Further simplification we have,
 \[ = \dfrac{{\left( {1 + \cos y} \right)}}{{\left( {\cos y + 1} \right)}} \times \cos y\]
 \[ = \dfrac{{\left( {1 + \cos y} \right)}}{{\left( {1 + \cos y} \right)}} \times \cos y\]
Cancelling the terms we have,
 \[ = \cos y\]
That is we have \[ \Rightarrow \dfrac{{1 + \cos y}}{{1 + \sec y}} = \cos y\] .
So, the correct answer is “\[ \dfrac{{1 + \cos y}}{{1 + \sec y}} = \cos y\]”.

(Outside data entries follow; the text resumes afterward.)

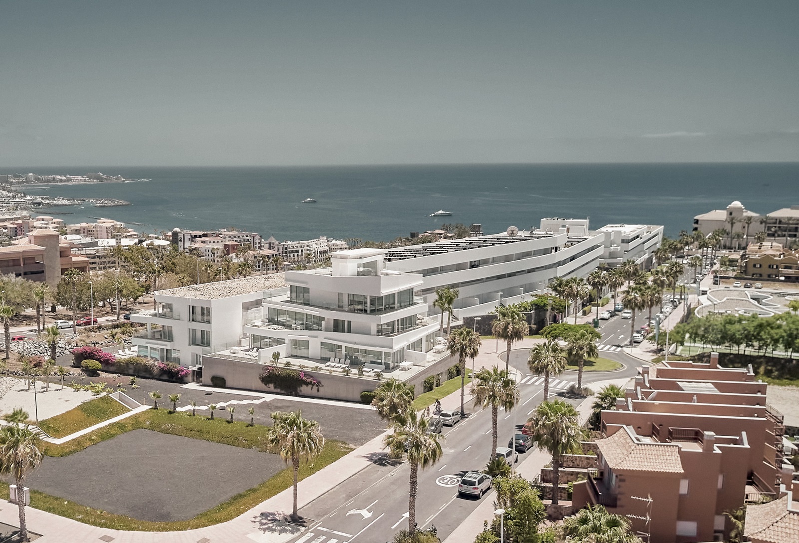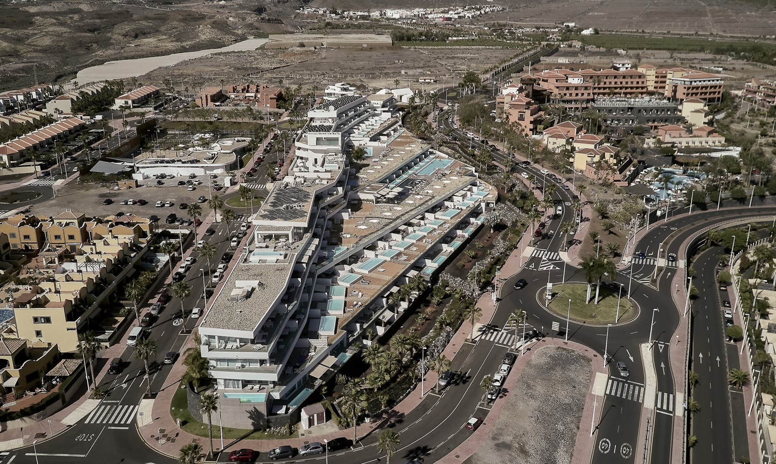ca. 1 km van het zandstrand (1x/dag/kamer taxitransfer naar Playa del Duque 09:00-17:00)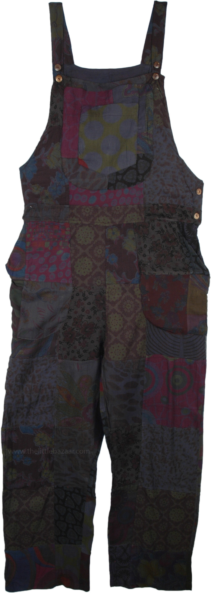 Cotton jumpsuit dungarees with bib pockets in the front and side, handcrafted in darker color patchwork of assorted prints. Soft, slouchy style features adjustable button shoulder straps. Our unique overalls are the perfect fit to show that you are individualistic and trendy. The length is adjustable up to 4 inches with the 3 different buttonholes on the straps and it has 2 functional pockets. These overalls can be worn with simple tank-top, t-shirt, or turtleneck, making them perfect for rain or shine. Pajama style street wear featuring a breezy fabric to keep your skin refreshed on the hot days. With these sweet overalls, you add a dash of bohemian spirit to your everyday life. The length given is measured from shoulder to ankle. Short inseam accords sizing flexibility with the dungaree design. Half elastic at the back of the waist offers flexibility.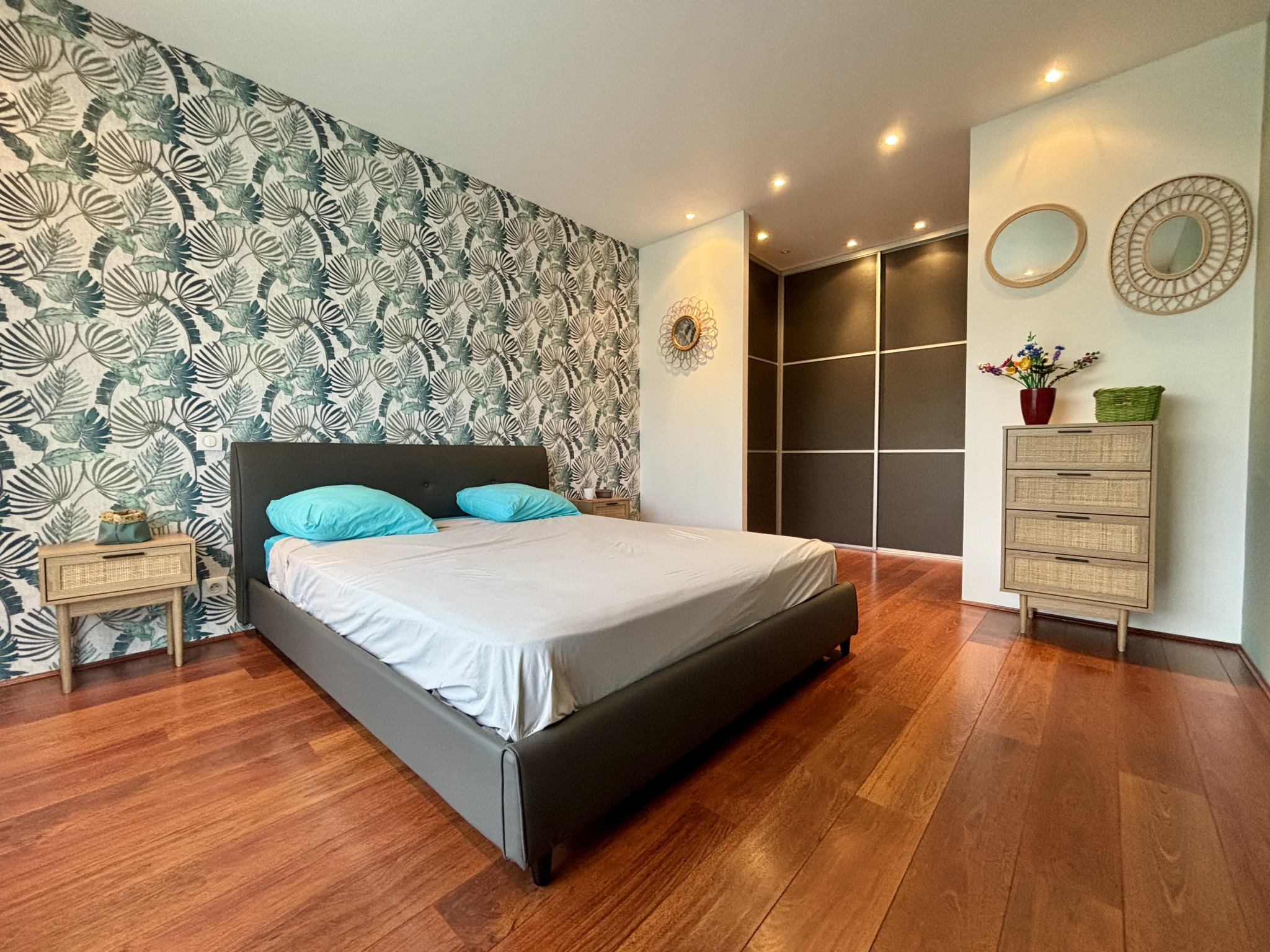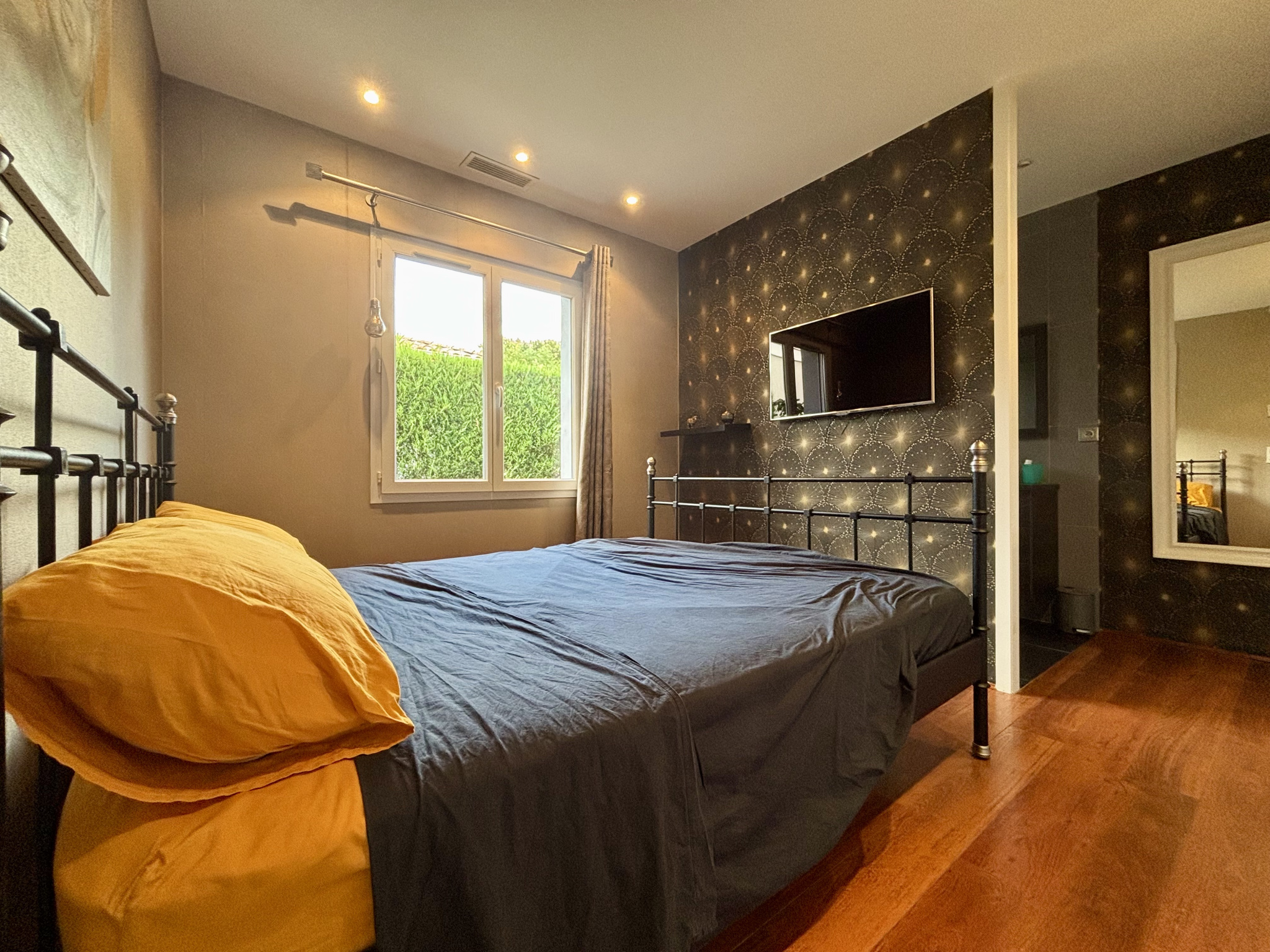 L'espace nuit comprend deux chambres, un bureau, ainsi qu'une grande salle de bains avec douche à l'italienne et baignoire. La suite parentale, idéalement isolée du reste de la maison, dispose de son propre espace dressing et salle d'eau privative.

Note: In the above problem we can also apply the reciprocal of cosine and after simplification we get the same answer. That is
 \[\cos y = \dfrac{1}{{\sec y}}\]
Substituting this in \[\dfrac{{1 + \cos y}}{{1 + \sec y}}\] we have,
 \[ = \dfrac{{\left( {1 + \dfrac{1}{{\sec y}}} \right)}}{{\left( {1 + \sec y} \right)}}\]
Taking LCM in the numerator and simplifying we have,
 \[ = \dfrac{{\left( {\dfrac{{\sec y + 1}}{{\sec y}}} \right)}}{{\left( {1 + \sec y} \right)}}\]
Rearranging we have
 \[ = \dfrac{{\left( {1 + \sec y} \right)}}{{\sec y\left( {1 + \sec y} \right)}}\]
Cancelling the terms we have,
 \[ = \dfrac{1}{{\sec y}}\]
We know the reciprocal of secant is cosine then we have
 \[ = \cos y\] .
That is we have \[\dfrac{{1 + \cos y}}{{1 + \sec y}} = \cos y\] . In both the cases we have the same answer. We can do anyone one of the methods. Also remember A graph is divided into four quadrants, all the trigonometric functions are positive in the first quadrant, all the trigonometric functions are negative in the second quadrant except sine and cosine functions, tangent and cotangent are positive in the third quadrant while all others are negative and similarly all the trigonometric functions are negative in the fourth quadrant except cosine and secant.